If I’m making a bun for my tofu burger, it’s more efficient to cook it in an oven that can produce two or three buns rather than one. Exactly the same analogy applies to breeding herds – a larger breeding herd with reduced reproductive efficiency (i.e. fewer offspring per female), means more resources and a greater carbon footprint per unit of milk or meat. Lamb’s carbon footprint would be expected to be approximately half to two-thirds that of beef given the greater reproductive efficiency, yet the EWG’s estimation has lamb at 44% higher – a clear reflection of the invalidity of their results.

Comparing the carbon footprint of different meat products is an elegantly futile competition in which nobody wins. According to their “data” beef is a better choice than lamb, chicken is better than pork. Yet who fancies chicken Wellington for dinner? Or egg pot pie? Or a pea McMuffin? The idea that we should be happy, saving the world on a diet of tofu and lentils is somewhat ironic given their propensity to produce increased methane from the human gastro-intestinal tract.

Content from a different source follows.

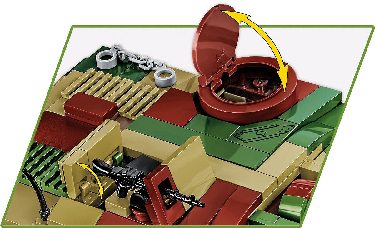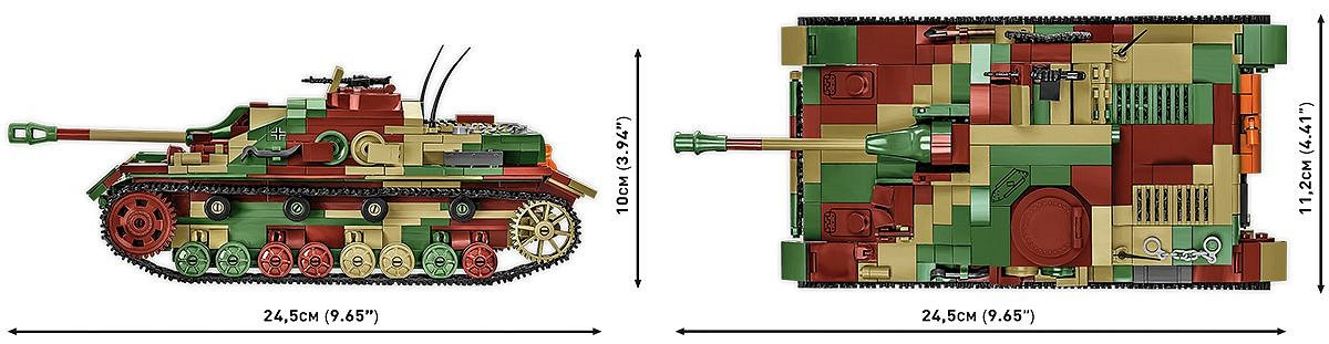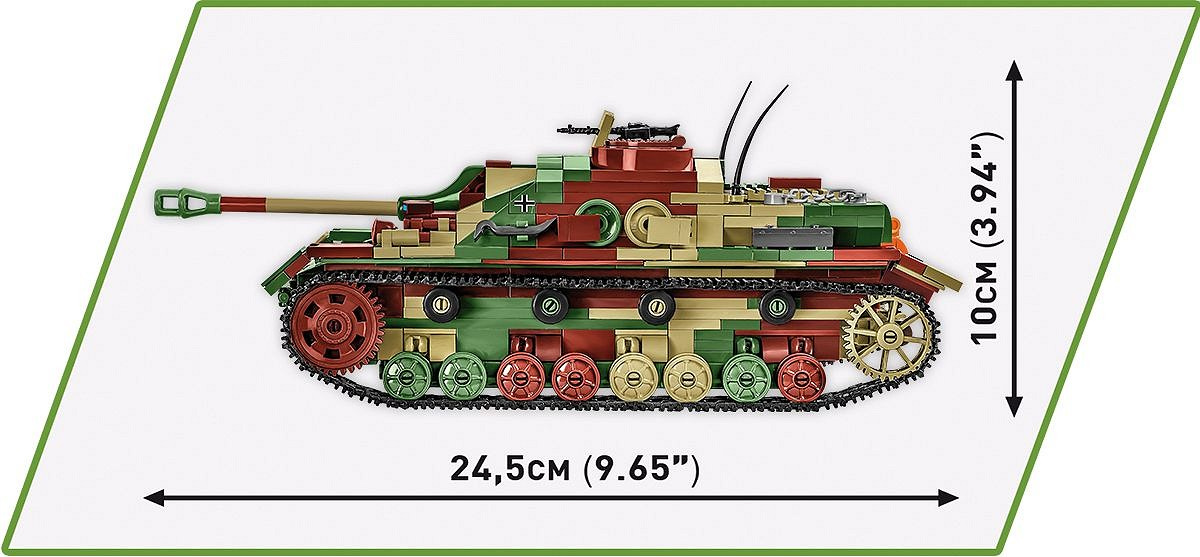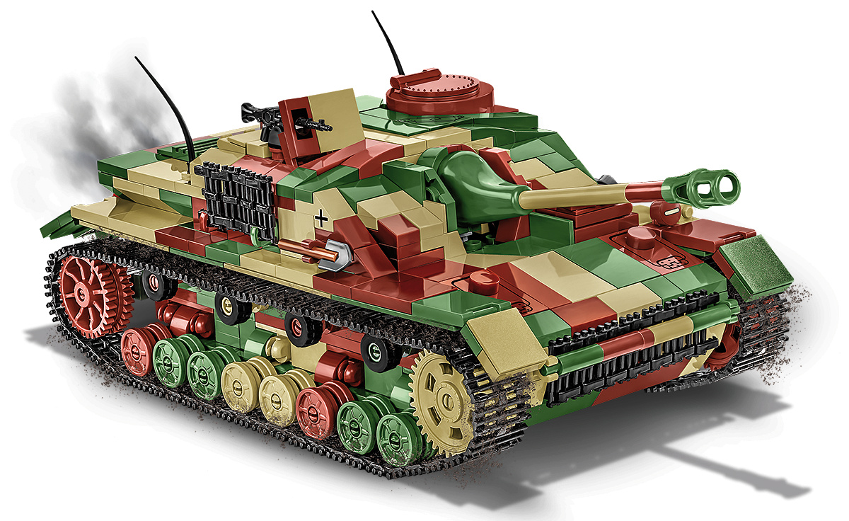 Postavte si model útočného děla StuG IV v měřítku 1:28. Sestavený model měří 24,5 cm na délku, 11,2 cm na šířku a 10 cm na výšku. Model nabízí přístup k servisnímu poklopu, pod kterým je vyjímatelný motor Maybach. Dalšími pohyblivými prvky jsou kanon, který lze posouvat do stran, otevírací poklopy průlezů pro posádku a funkční pásová trakce. Stavebnice obsahuje 952 dílků včetně stojánku s názvem.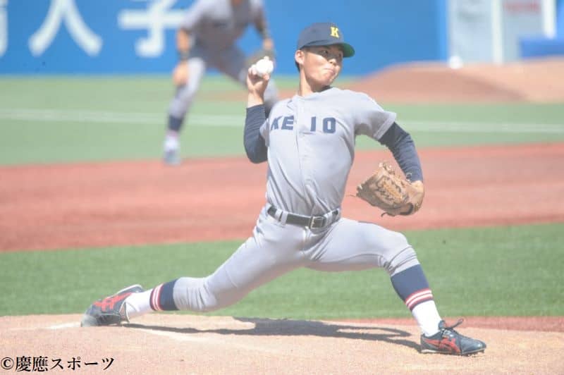 本塁打・打点でリーグトップに輝いた先発の外丸は3回、7番・三宅隆二郎(人間4・明星)に初安打を許すと、1死二塁から9番・清水大に右中間を破る適時二塁打を放たれ、同点に追いつかれる。しかしその後はツーシームとカーブを上手く使い、5回まで早大打線を3安打に封じる好投で流れを呼び込み、慶大3点リードで試合を折り返す。

Are all 311 million people in the US going to rush to the grocery store and fulfill the EWG’s somewhat desperate cry for Meatless Mondays? Until all human activity can be put into context and the effect of driving to work vs. buying French wine vs. eating an 18-oz T-bone vs. having a third child can be compared objectively, this report is simply another one-week-wonder, destined to be quoted in every vegetarian manifesto and vegan twitter post (presumably vegans don’t tweet, as that would be exploiting birds?) but forgotten as soon as Katherine Middleton wears a new dress on a royal visit or yet another politician demonstrates their indirect support for the pork industry by increasing Google searches for “wiener”.